§ **Available data**
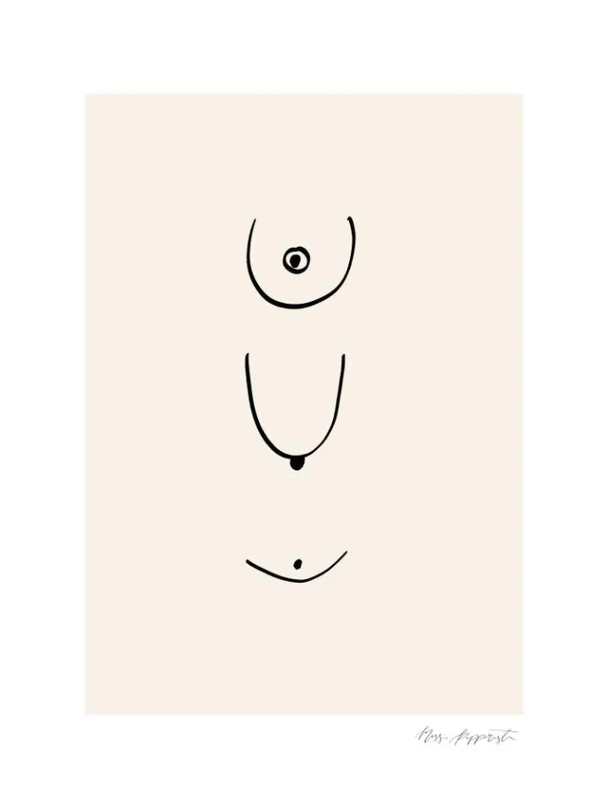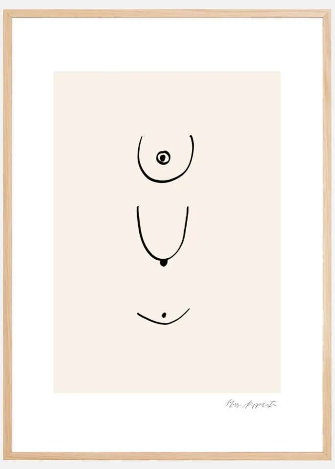 En abstrakt plakat med forskellige sorte linjer på en hvid baggrund. De enkle linjer ser ud som om de tegner et kvindebryst i forskellige positioner og fra forskellige synsvinkler. Linjerne er enkle og elegante. Se, hvad du vil se i disse kurvede former og prikker.
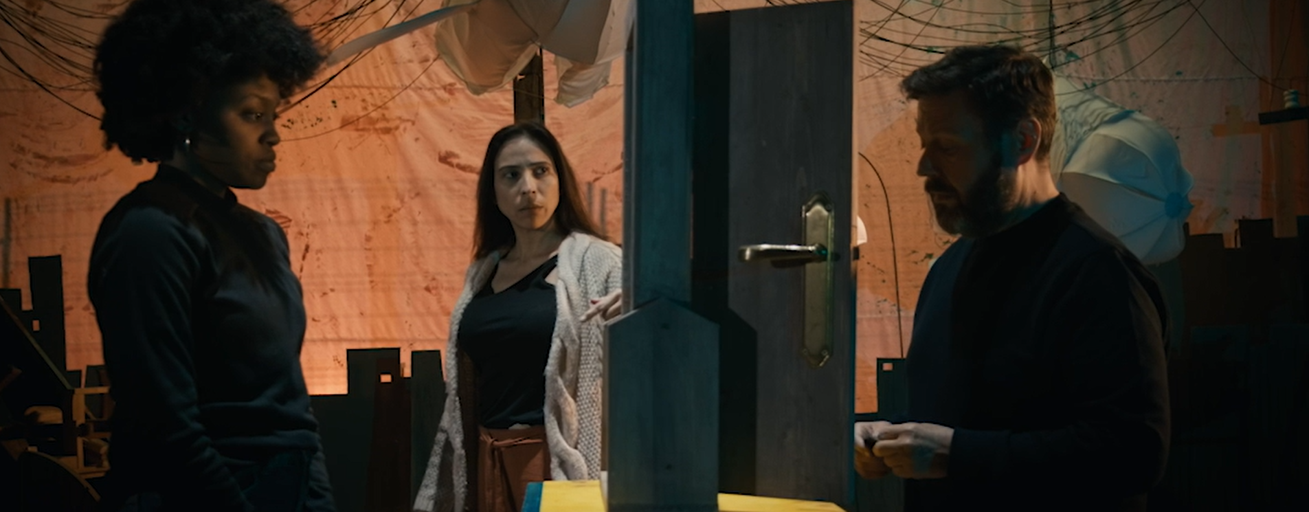 Díaz construye Adiós Cuba en ese territorio intermedio donde la ficción y el documental se mezclan. No hay una frontera clara. Los testimonios son reales, pero están atravesados por una puesta en escena muy contenida, casi teatral, donde la palabra, el cuerpo y el espacio pesan más que cualquier artificio. Caridad funciona como eje inestable: a veces personaje, a veces extensión de una experiencia real, incluso del propio director. Esa ambigüedad no busca confundir, sino acercarse a una verdad que no se deja fijar fácilmente.
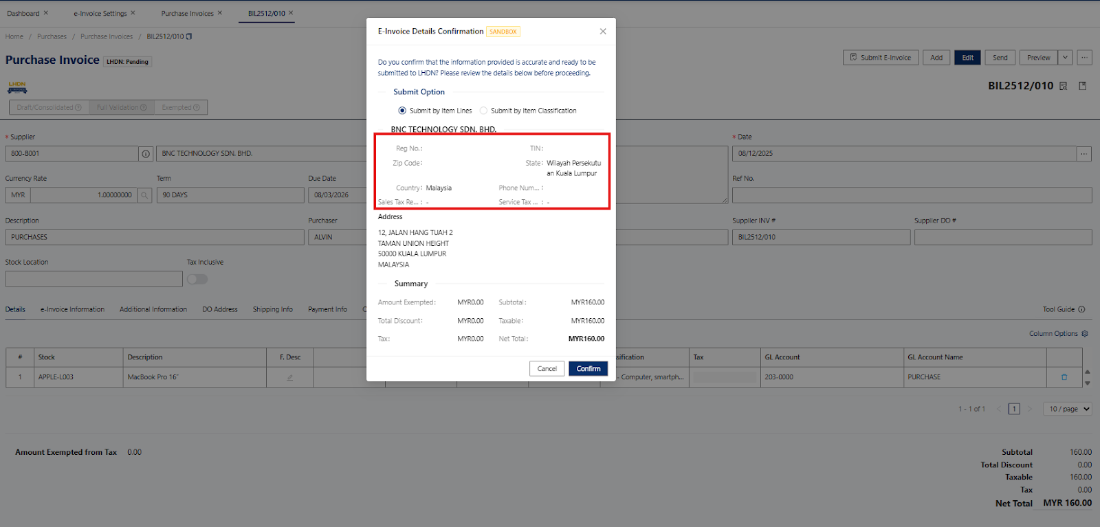 After clicking Submit E-Invoice, a pop-up box will appear to confirm the details. Review the information, then click Confirm to proceed.
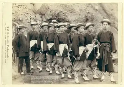 There was a lack of central family units for many Chinese individuals since immigrants were mostly male. The mentality was to further individual economic growth, which was driven by the Gold Rush taking place in the Black Hills.[5] Traditional foods were imported from China and were used habitually.[5] Clothing materials were an assortment of traditional cultural clothing and American clothing. The practice of binding feet occurred among the Chinese community at the end of the 19th century. Also, tobacco and opium were another key social practice within not only the Chinese community but the Deadwood community as a whole. The Chinese community in Deadwood maintained traditional mortuary practices for individuals who died, including parades and placing offerings with the body.[14]
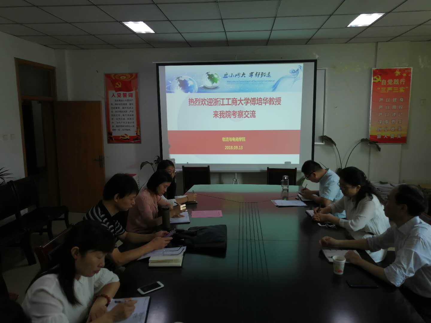 傅培华教授在豫期间还为物流电商学院的教师们围绕“高水平项目的申报和人才培养”主题做了报告,并就智能物流前沿、学科特色凝聚、学科建设平台搭建、科研与实验室管理等问题与老师们进行了深入热烈的互动。
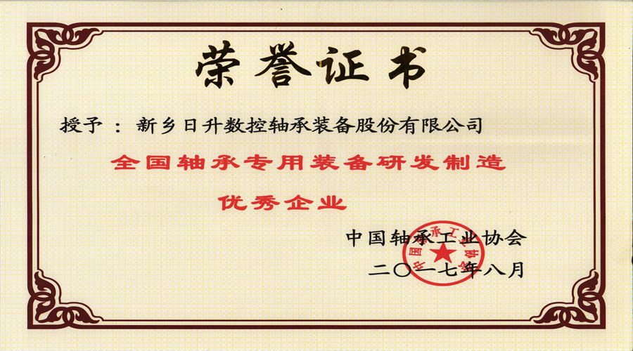 新鄉(xiāng)日升獲評“全國軸承專用裝備研發(fā)制造優(yōu)秀企業(yè)”
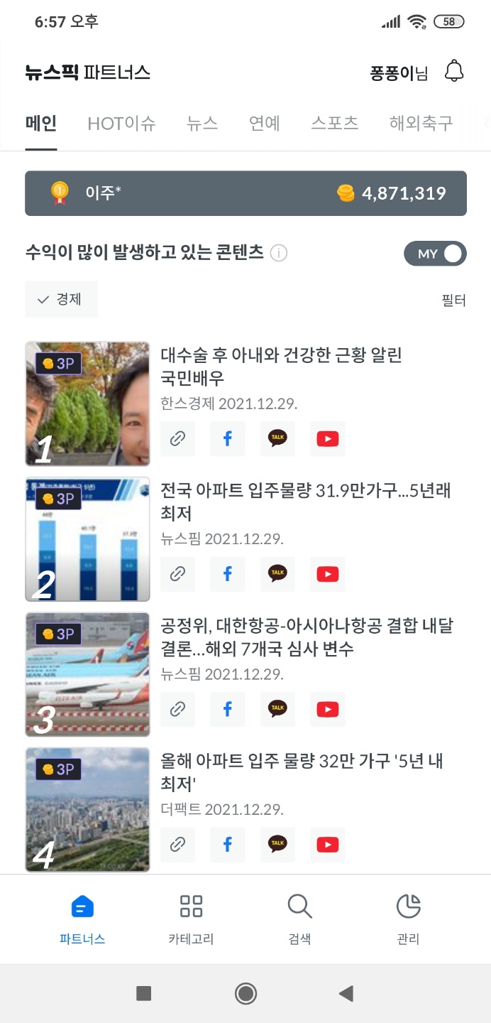 뉴스픽 파트너스는 내가 링크한 기사를 사람들이 보면 클릭수에 따라 돈이 들어오는 시스템입니다
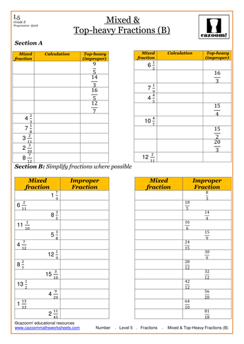 Mixed and Improper Fractions | Teaching Resources
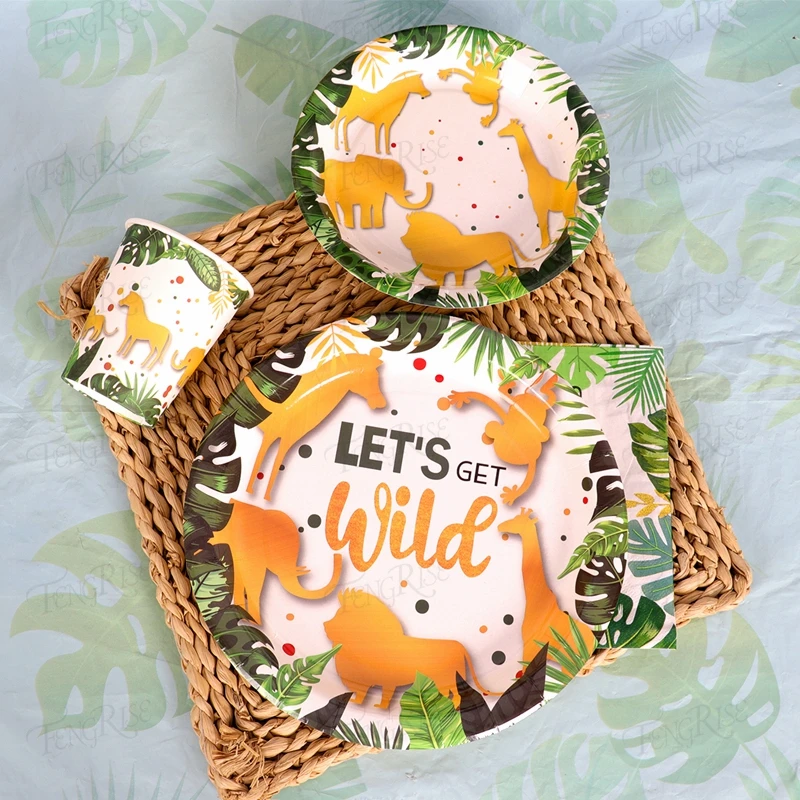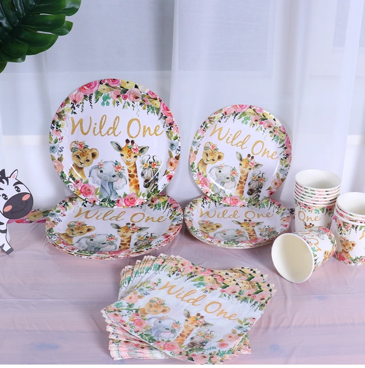Одноразовая посуда Wild One Jungle Safari, декор для тематики вечеринки в стиле сафари, для первого дня рождения ребенка
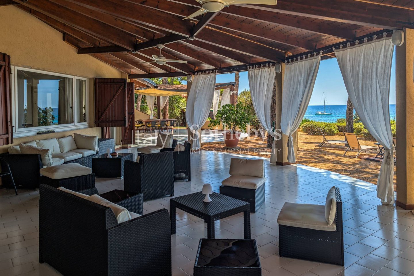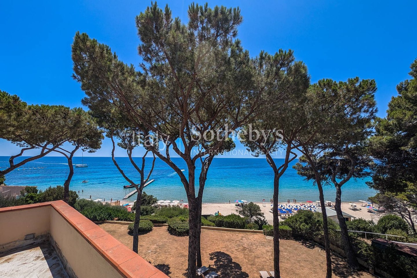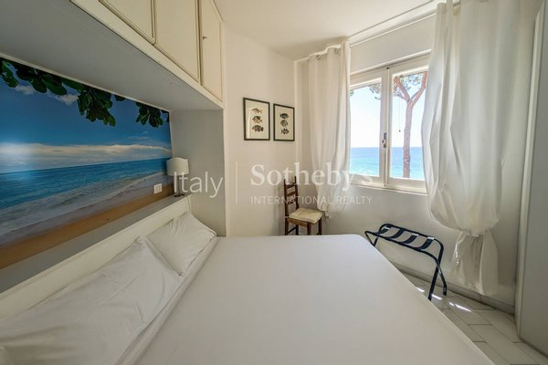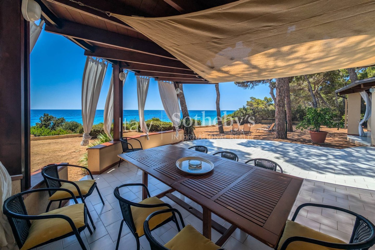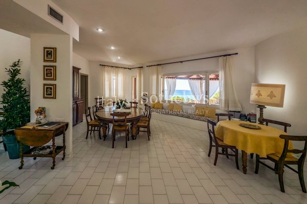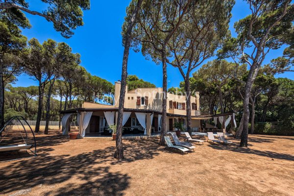 Umgeben von einem 1.800 m² großen Garten und beschattet von mediterranen Pinien, bietet sie einen direkten Zugang zum Strand über eine private Treppe. Im Erdgeschoss öffnen sich großzügige, überdachte Terrassen zum Garten und zum Meer. Innen erwartet Sie ein weitläufiger Wohnbereich mit Salon, Esszimmer, Küche, Gäste-WC und einem Schlafzimmer mit eigenem Bad.
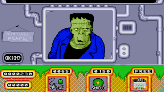 Super Skweek is a game inspired by the wide success of Chip's Challenge, and shares some elements of that puzzler while combining other elements from games such as Pengo. In Super Skweek, you play the title character who must walk around and either paint all the tiles of the game board pink, complete a specific mission, or both. Some tiles react in various ways when you walk on them, like exploding. Unlike Chip's Challenge, the game plays in realtime and you can pick up and use weapons to keep away certain monsters as you paint the tiles. There is also a shop you can enter to purchase items. Finally, levels have a time limit for completion.
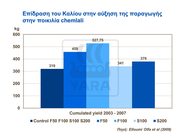 Το κάλιο έχει ιδιαίτερη θέση στη θρέψη της ελιάς και είναι το δεύτερο θρεπτικό στοιχείο μετά το άζωτο που απαιτείται σε μεγάλες ποσότητες από τα φυτά, ασκώντας σημαντική επίδραση στην απόδοσή τους.
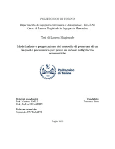 Modellazione e progettazione del controllo di pressione di un impianto pneumatico per prove su valvole antighiaccio aeronautiche. = Modeling and Pressure Control Design of a Pneumatic System for Testing Aircraft Anti-Ice Valves.
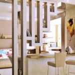Не всем нравится идея поставить перегородку в комнате. Но она может быть не цельной. Очень часто «монолитную» перегородку возводят до высоты метра или чуть более, а выше делают что-то ажурное, пропускающее свет. Так решается проблема естественного освещения и конструкция не выглядит столь тяжеловесно, как стена.
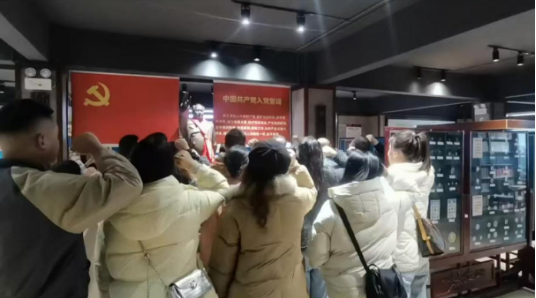 在四楼红色教育基地,党总支书记兰继华同志的带领所有同志举行了重温入党誓词活动,最后与毛主席雕像合影。
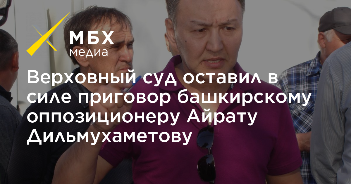 Верховный суд оставил в силе приговор башкирскому оппозиционному политику Айрату Дильмухаметову, осужденному на девять лет колонии строгого режима по делам о призывах к экстремизму, сепаратизму и терроризму. Об этом «Урал. МБХ медиа» сообщил адвокат Алексей Захаров.

§ **Exercise description**
Look through the material above. Transcribe exactly the lines between the ones with "Super Skweek is" and "Modellazione e progettazione", inclusive, and keep pictures out.

§ **Exercise result**
 Super Skweek is a game inspired by the wide success of Chip's Challenge, and shares some elements of that puzzler while combining other elements from games such as Pengo. In Super Skweek, you play the title character who must walk around and either paint all the tiles of the game board pink, complete a specific mission, or both. Some tiles react in various ways when you walk on them, like exploding. Unlike Chip's Challenge, the game plays in realtime and you can pick up and use weapons to keep away certain monsters as you paint the tiles. There is also a shop you can enter to purchase items. Finally, levels have a time limit for completion.
 Το κάλιο έχει ιδιαίτερη θέση στη θρέψη της ελιάς και είναι το δεύτερο θρεπτικό στοιχείο μετά το άζωτο που απαιτείται σε μεγάλες ποσότητες από τα φυτά, ασκώντας σημαντική επίδραση στην απόδοσή τους.
 Modellazione e progettazione del controllo di pressione di un impianto pneumatico per prove su valvole antighiaccio aeronautiche. = Modeling and Pressure Control Design of a Pneumatic System for Testing Aircraft Anti-Ice Valves.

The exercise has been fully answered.